Constitutively active RhoA (G14V) expression restored YAP stabilisation (Ser397 dephosphorylation) by hypoxia in GPRC5A‐depleted cells.

The YAP/TEAD inhibitor verteporfin selectively inhibited cancer cell survival in hypoxia by crystal violet assay (n = 3 independent experiments).

YAP knockdown was sufficient to induce caspase‐3 activation/PARP cleavage in hypoxia and was not further enhanced by GPRC5A depletion.

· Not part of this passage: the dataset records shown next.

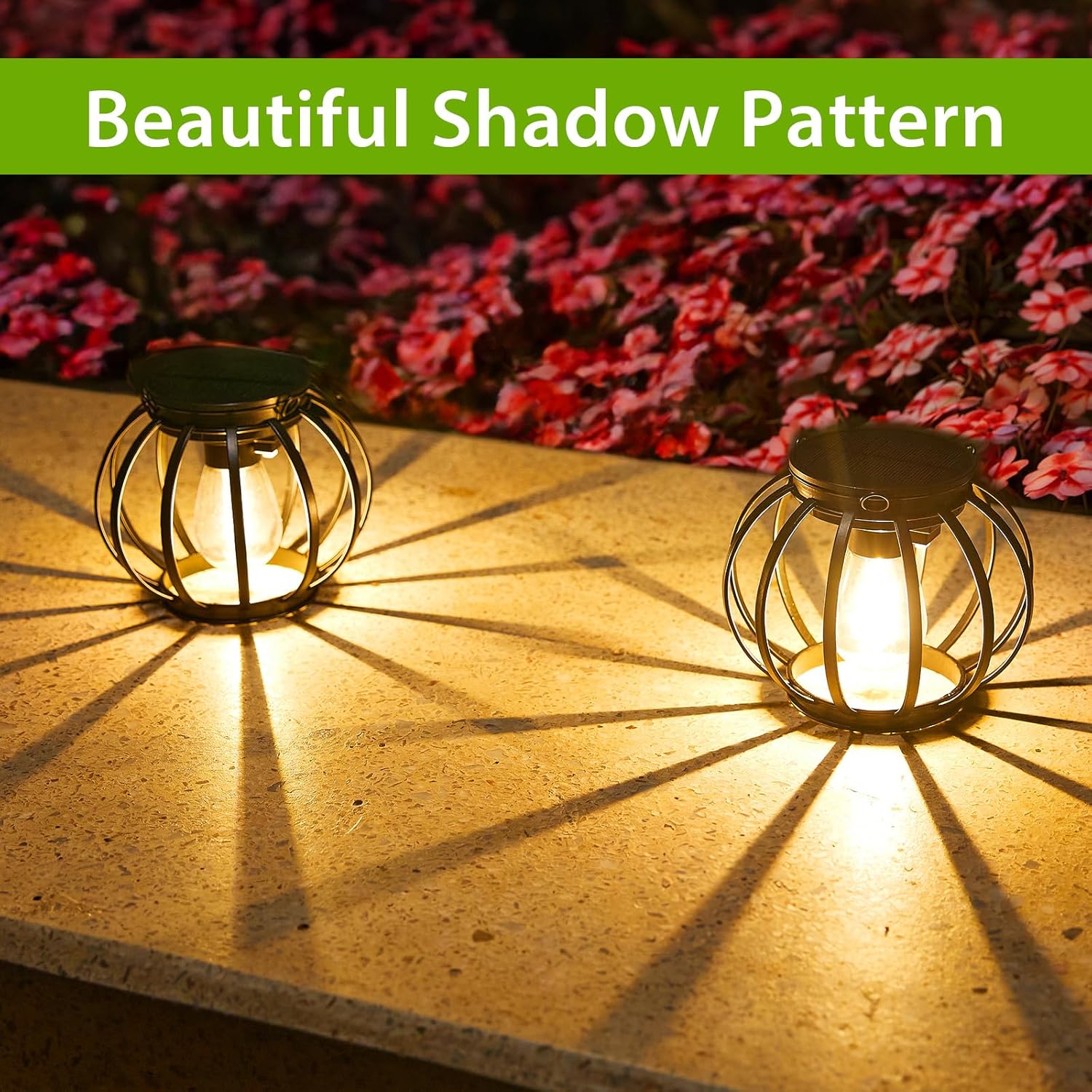【Wide Application & Best Gift】The solar garden lanterns can be hung on a tree; by a patio umbrella; by an eave, or placed outside by a pathway; on a grass pong, on a table top, adding a lovely ambience to your patio. Attractive and beautiful illumination make them the best decoration for your residence. The garden solar lights are also an amazing gift choice for friends and family in any occasions.
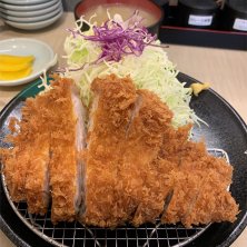 ボリューム満点の美味しいロースカツ定食に出会いました!ライス、豚汁、沢庵付きで1,000円(税込)。お腹いっぱい😋
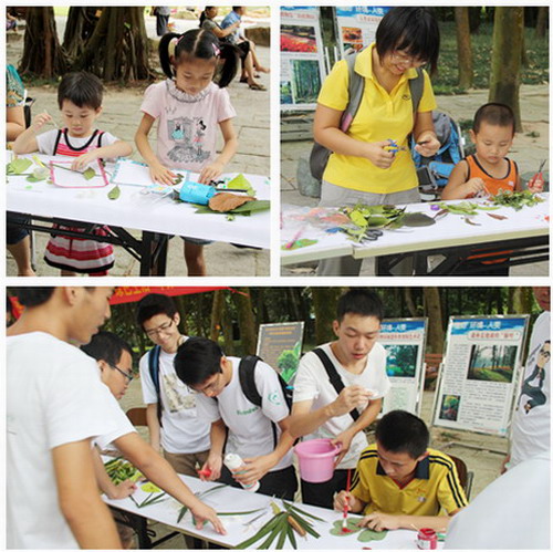 华南植物园充分发挥在植物科学、野鸟观察、奇妙夜观等广受欢迎的特色科普活动上的经验,将特色科普项目引入社区,广受小朋友的欢迎。彩叶拓印、种子陀螺比赛引导孩子们关注身边不起眼的植物,让孩子认识到随处可见的树叶,也能摇身一变,成为艺术的宠儿,创作出精美的粘贴画作品,认识到地上普通的植物种子通过简单制作也能变成孩子们手中的玩具——陀螺。鸟类彩绘创作给孩子广阔的想象空间,让孩子有机会为鸟儿创作彩色“衣裳”。活动现场,科普辅导员还为社区居民发放《植物园观鸟手册》、《温室世界植物奇观》等科普宣传读物,现场介绍养生保健植物、家居植物养护、登革热防治等科普知识。在华南植物园科普进社区活动中,居民踊跃参与且脸上洋溢着快乐与满意,许多市民希望华南植物园能多开展类似的科普惠民活动。
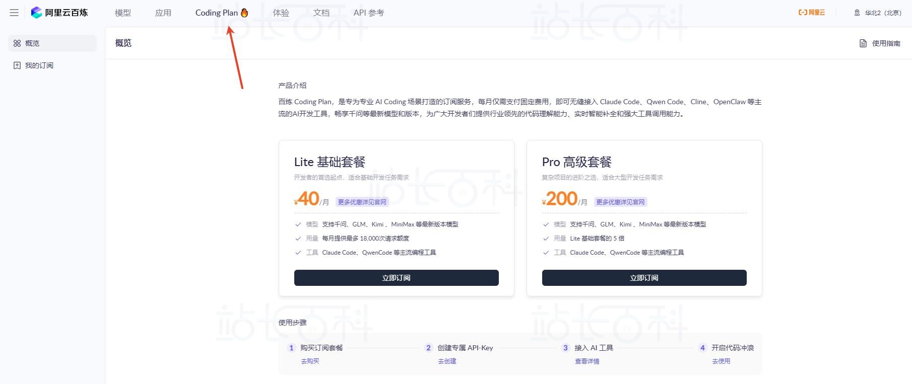 进入阿里云百炼平台点击顶部“Coding Plan”即可购买。
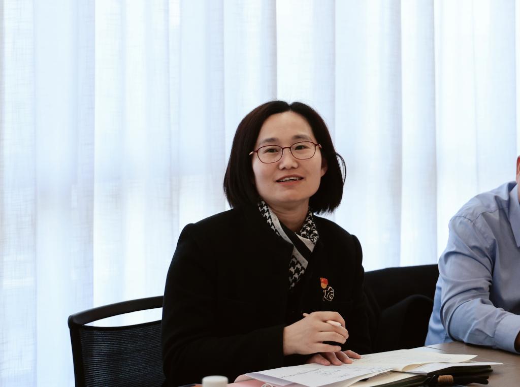 纤维工程与装备技术学院党委书记陆敏芝主持会议并领学
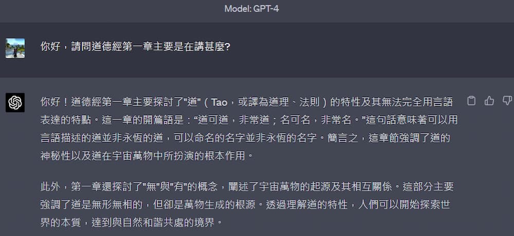有上述回答可以看出,免費版GPT-3.5回復的訊息比較少、且內容比較沒那麼深入(只有圍繞在"道"的解釋),而且比較多贅字。
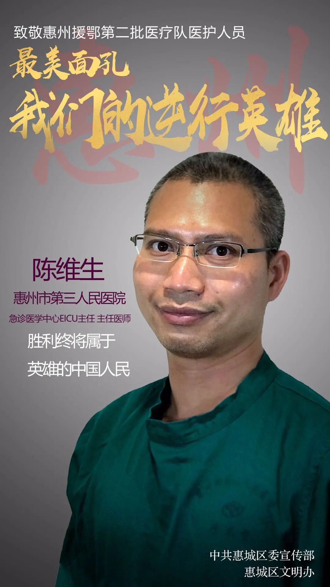 2020年8月,惠州市第三人民醫(yī)院援鄂醫(yī)療隊(duì)隊(duì)員徐永輝、陳維生、王科3人榮獲2020年第二季度“惠州好人”稱號(hào)(敬業(yè)奉獻(xiàn)類)。
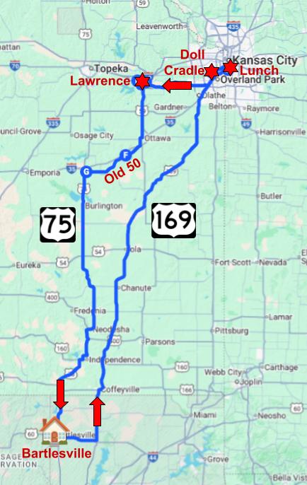 On our third day in Lawrence, we packed up and drove over the west side of town for breakfast at The Big Biscuit. Then we drove south on US 59 to Ottawa. We could have taken Interstate 35 southwest to US 75, which leads through Bartlesville 130 miles to the south.
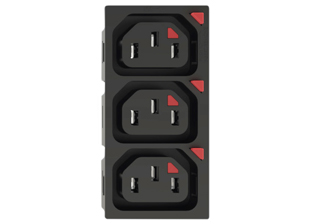 TRU-LOCK IEC 60320 LOCKING C-13 WITH THREE PANEL MOUNT OUTLETS, COMPACT SLIM SIZE DESIGN, UNIVERSAL APPROVALS, 15A-250V, 10A-250V, IMPACT RESISTANT NYLON (PA66), SNAP-IN MOUNT ON 1.5mm PANELS, 6.3 x 0.08mm (0.250 x 0.032"), QUICK CONNECT / SOLDER TERMINALS. BLACK.
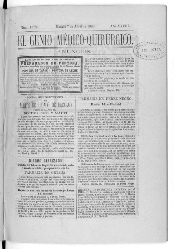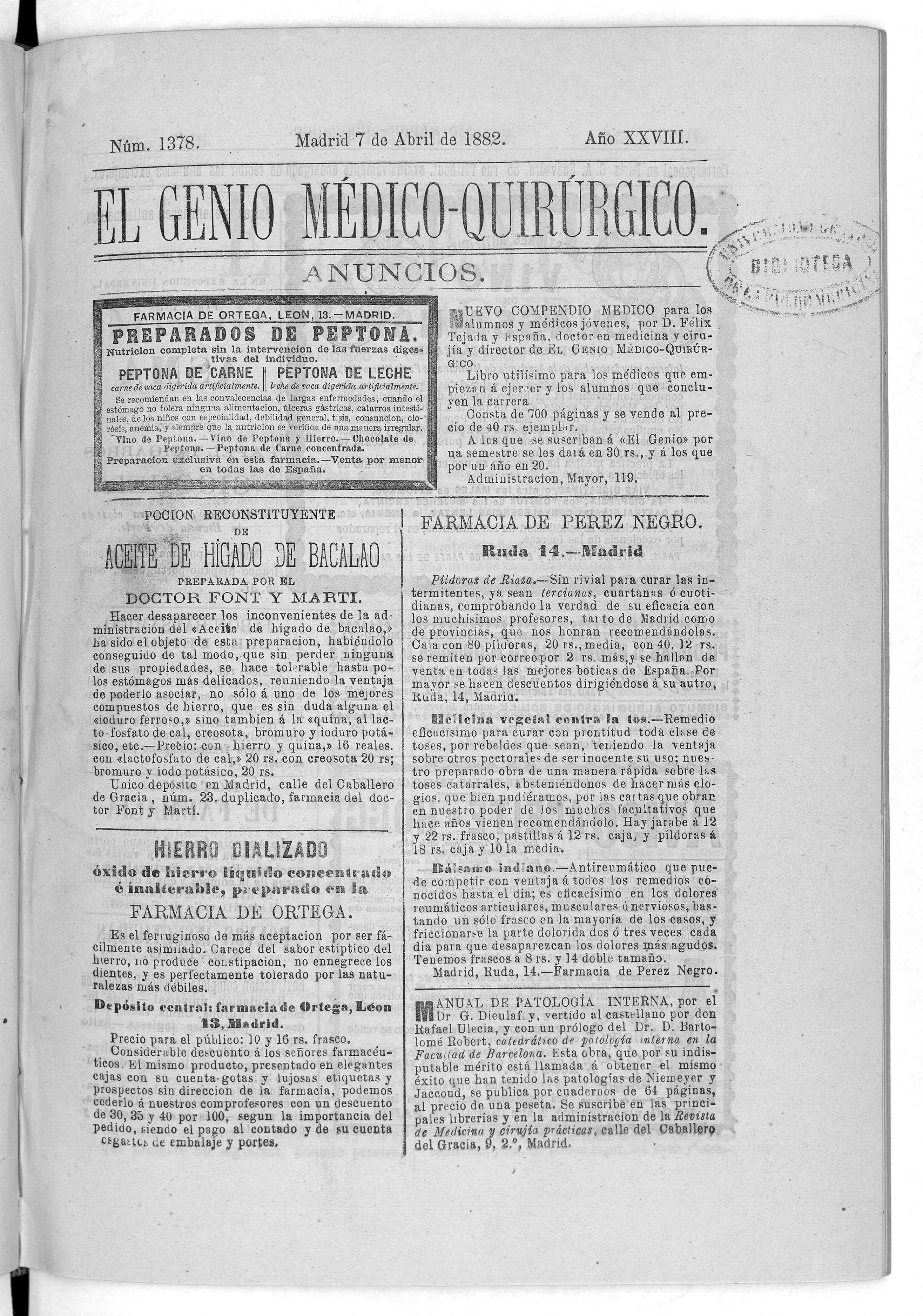Parte de El Genio médico-quirúrgico : periódico de ciencias médicas ‐ [1882, Vol. 28, n. 1366-1393, 1340-1359.]

Crystal violet assays show that YAP was required downstream of GPRC5A to promote cell survival. GPRC5A‐depleted cells were rescued by expression of an siRNA‐resistant GPRC5A cDNA (GPRC5A^si1R), but this was prevented by co‐depletion of YAP (n = 3 independent experiments).

Expression of an siRNA‐resistant GPRC5A rescued the critical phenotypes of GPRC5A depletion. GPRC5A^si1R expression prevented PARP cleavage in hypoxia as well as restoring hypoxia‐induced YAP stabilisation (Ser397 dephosphorylation); these phenotypes were reversed by YAP depletion.

GPRC5A depletion attenuated hypoxia‐induced BCL‐XL expression.

Constitutively active YAP (S127A) expression induced BCL‐XL expression and prevented caspase‐3 activation/PARP cleavage by GPRC5A depletion in hypoxia.

GPRC5A^si1R expression restored BCL‐XL expression and prevented the appearance of cleaved caspase‐3 induced by GPRC5A depletion in hypoxia.